There are no additional compiler flags required to compile a harness with deferred initialization: the only requirement is the addition of the __AFL_INIT() call. Use the following to compile the deferred execution example:
cd vmf_install/test/haystackSUT
afl-clang-fast -o haystack_AFL_deferred haystack_AFL_deferred.c
cd ../..There are also no additional flags or settings required to use a deferred initialization harness. The deferred initialization is detected automatically by the fuzzer (either VMF or AFL++) and enabled. You can see in the haystack_AFL_deferred.yaml config file that no deferred initialization specific parameters are set.
Run the deferred haystack example with:
./bin/vader -c test/haystackSUT/haystack_AFL_deferred.yaml -c test/config/basicModules.yamlYou should see an execution speed comparable to what you get with haystack_file.yaml. Try removing the __AFL_INIT() from the SUT, thus moving the forkpoint back to main, and compiling again. You should see a drastic decrease in performance as the sleep is once again included in the criticial fuzzing loop and the benefits of Deferred Initialization are removed.
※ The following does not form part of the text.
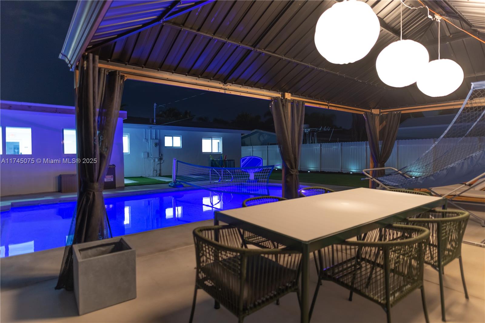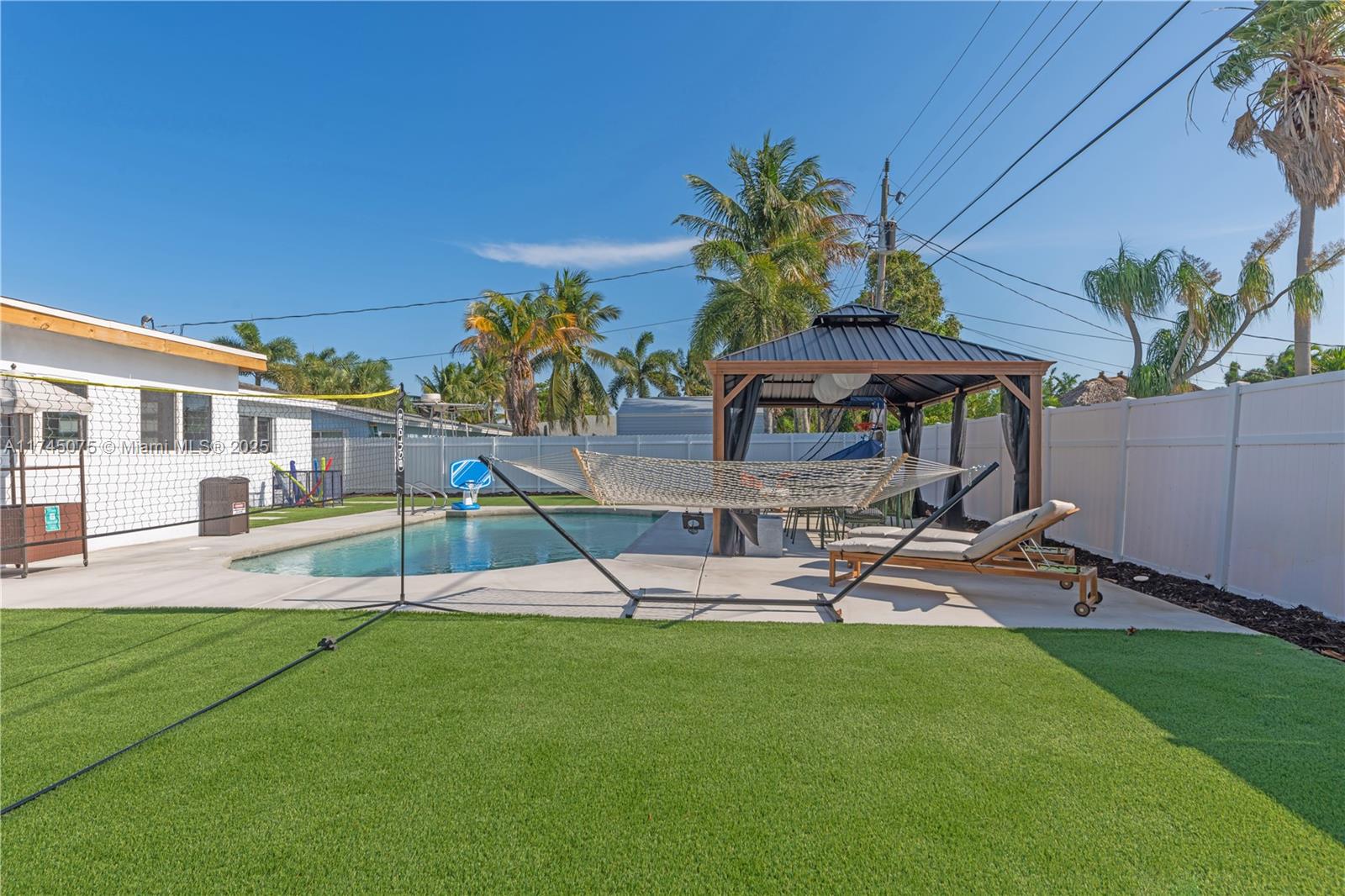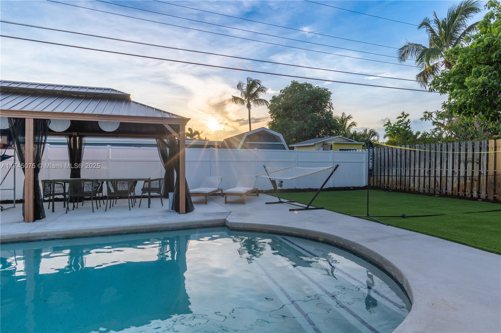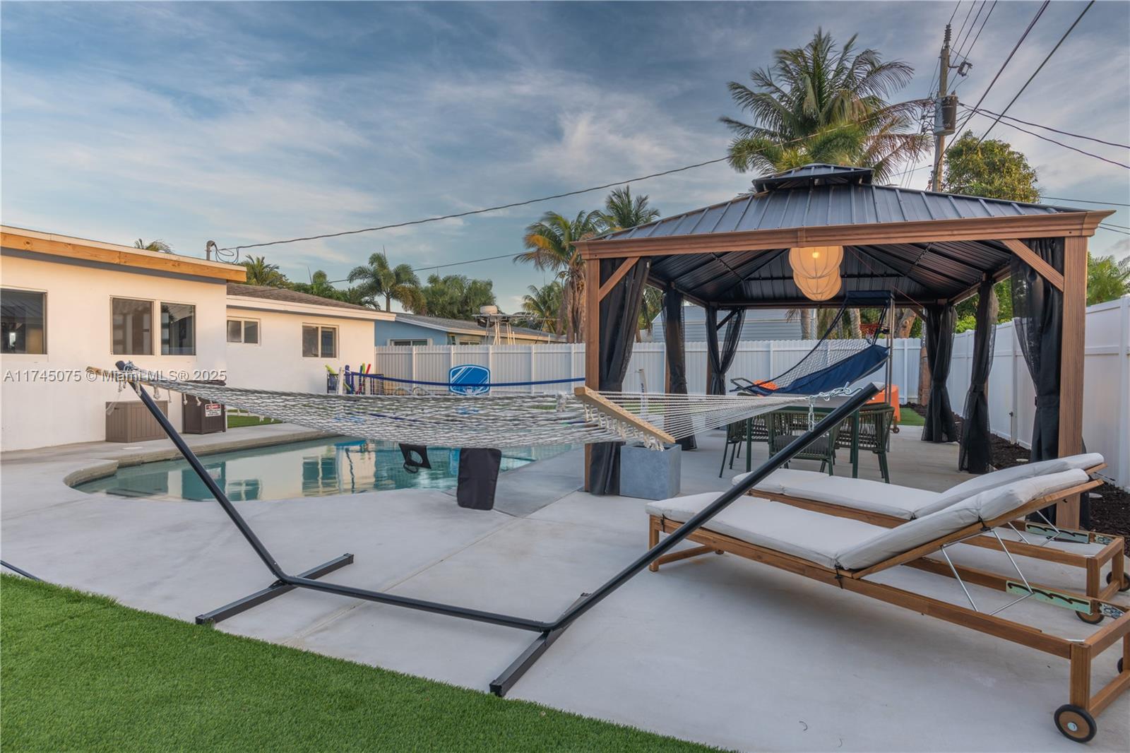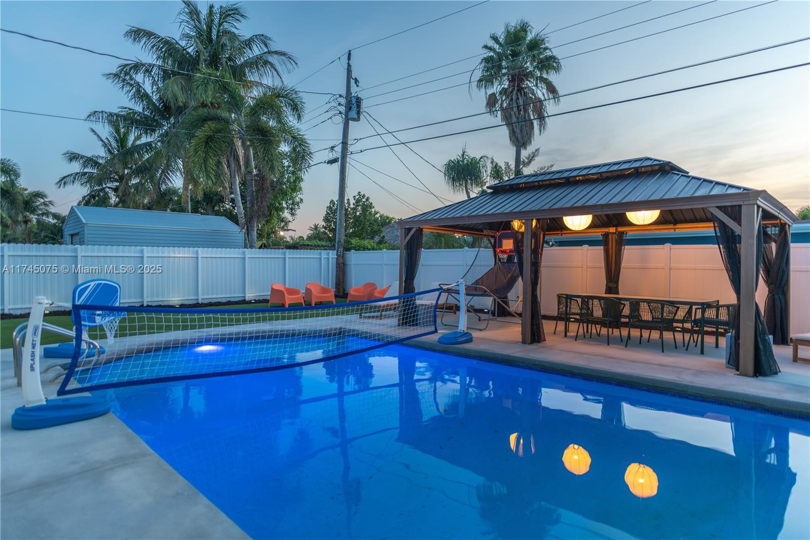 See Virtual Tour. You will definitely enjoy your stay in this fully furnished home located in a great neighborhood only 6 minutes to everything beautiful Deerfield Beach has to offer. The ample backyard offers plenty of space and games to entertain and for the kids to play while enjoying the sunset from the pool. The home features a circular driveway with room for a boat or jet skis, all impact windows and doors, updated floors and bathrooms, new washer and dryer, new indoor and outdoor furniture, new gazebo, new synthetic lawn throughout the backyard, new TV's in every room, and a very well-equipped gym.

Deferred Initialization is logically separate from Persistent Mode and Shared Memory Fuzzing, and may be used standalone or may be mixed-and-matched with either of them.
Sending testcase data via shared memory instead of files or I/O can further improve performace. This technique is called in-memory or shared memory fuzzing and is faster because the overhead cost of I/O is removed from the fuzzing loop.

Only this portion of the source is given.